Hovdala Castle () is a castle in Hässleholm Municipality, Scania, in southern Sweden. Its oldest visible parts date from the early 16th century although the original construction dates back to at least the early 12th century.

History
Hovdala was mentioned for the first time in 1130, but the buildings that visitors can see today were mainly constructed during the early 16th century. The date 1511 can be read on one of the façades. Back then, Scania was part of Denmark.The castle name was written 'Howdale'in the mid 17th-century.

The squire Magnus Rabek is mentioned in written sources as having owned the estate sometime before the Black Death. During the early 15th century, the estate belonged to a squire named Klement Skaldra. At the end of the century, the estate passed to the Laxmand family, who erected the oldest of the presently visible buildings. Through marriage it later passed to the Grubbe family. During the ownership of Sigvard Grubbe, an educated man who stood close to the king, Christian IV of Denmark, and who had studied in Wittenberg and Basel, the castle was besieged twice by Swedish troops during the Kalmar War.
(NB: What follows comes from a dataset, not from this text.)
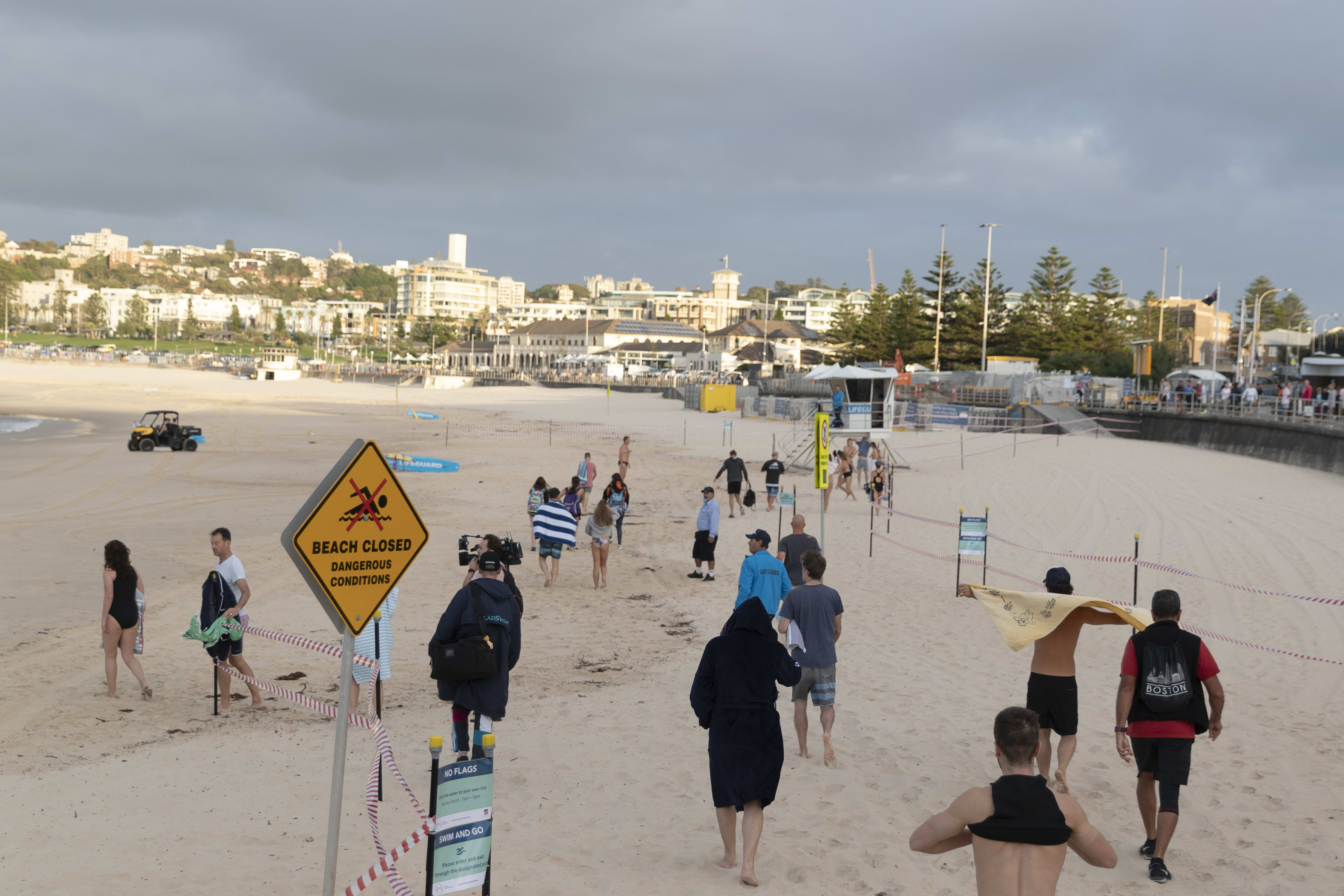 Swimmers return to Bondi beach on April 28, 2020 in Sydney, Australia.

The castle withstood the sieges.

After the death of Sigvard Grubbe, the castle passed between different owners until it became the property of Jens Mikkelsen (Michelsen), an officer in the Danish army, in 1651. After the conquest of Scania by Sweden in 1658, he chose to stay on in Scania and had to resign public office in Denmark. He had previously served with the Danish chancellor of the Exchequer in Copenhagen. Mikkelsen, like all other Scanians who chose to pledge faith to the Swedish king and stay on, now became a Swedish subject. During the Scanian War of 1676-1679, Mikkelsen found himself in a difficult situation. Scania became a no man's land where the Danes ruled one day and the Swedes the next. Mikkelsen was reported to the Danes as a Swedish spy in the summer of 1677, but then he went to the Danish Army Camp outside Malmö and reported about the latest Swedish troop movements in northern Scania and denounced the Swedish commander Johan Gyllenstjerna's cruel methods. Reports of this can be found in the Danish National Archives. He also applied for a salva guardie certificate that would spare his estate from Danish attacks. According to family tradition, Mikkelsen considered returning to Denmark at the time. Nevertheless, the castle was assaulted, pillaged and burnt by pro-Danish guerilla fighters on 7 August 1678.
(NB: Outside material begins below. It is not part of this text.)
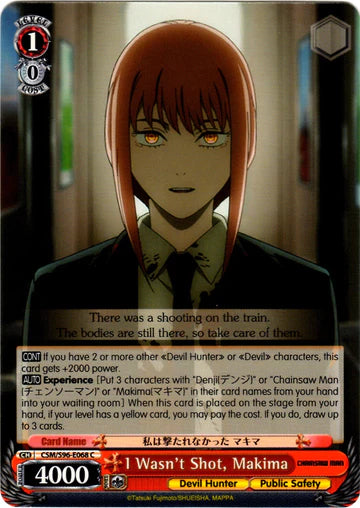 【CONT】 If you have 2 or more other 《Devil Hunter》 or 《Devil》 characters, this card gets +2000 power.【AUTO】 Experience [Put 3 characters with "Denji(デンジ)" or "Chainsaw Man(チェンソーマン)" or "Makima(マキマ)" in their card names from your hand into your waiting room] When this card is placed on the stage from your hand, if your level has a yellow card, you may pay the cost. If you do, draw up to 3 cards.

Mikkelsen survived the ordeal and was later ennobled by the Swedish king, and took the name Ehrenborg. The castle thenceforth stayed in the Ehrenborg family until 1944, when it was expropriated by the Swedish state. The last owners were however allowed to keep living in the castle and did not move out until 1981.

From 1944, the former land of the estate was used as a military training field. Today the land belongs to Hässleholm municipality.

A renovation of the castle was initiated in 1993. In 2004, renovation project was awarded the Europa Nostra award for "sensitive and intelligent restoration work."

Architecture

The castle complex consists of three buildings placed in a u-shape around a courtyard. These main buildings are surrounded by a former moat, which has today dried out. The oldest (northern) of the three buildings date from the early 16th century, possibly 1511 as is stated on its façade. The eastern building is somewhat later, dating from 1681-82. This was where the living quarters were located. It replaced an earlier building, destroyed during the Scanian War. The southern of the three buildings, by contrast, dates from 1805. Originally a fourth building existed, closing the courtyard, but of this building no traces remain. On the other side of the moat, once spanned by a now vanished drawbridge, lies a defensive tower, erected in the year 1600. The tower has withstood both battles the castle has been involved in. A stone plaque on the tower, bearing the date 1633, commemorates the siege endured in 1612 when the Swedes attacked the castle. The main, representative rooms of the former living quarters have been restored, including the family library, and is open to the public via guided tours. The historical environment displayed represents that of the upper middle classes or lower aristocracy, rather than the higher echelons of Danish/Swedish aristocracy or the working class.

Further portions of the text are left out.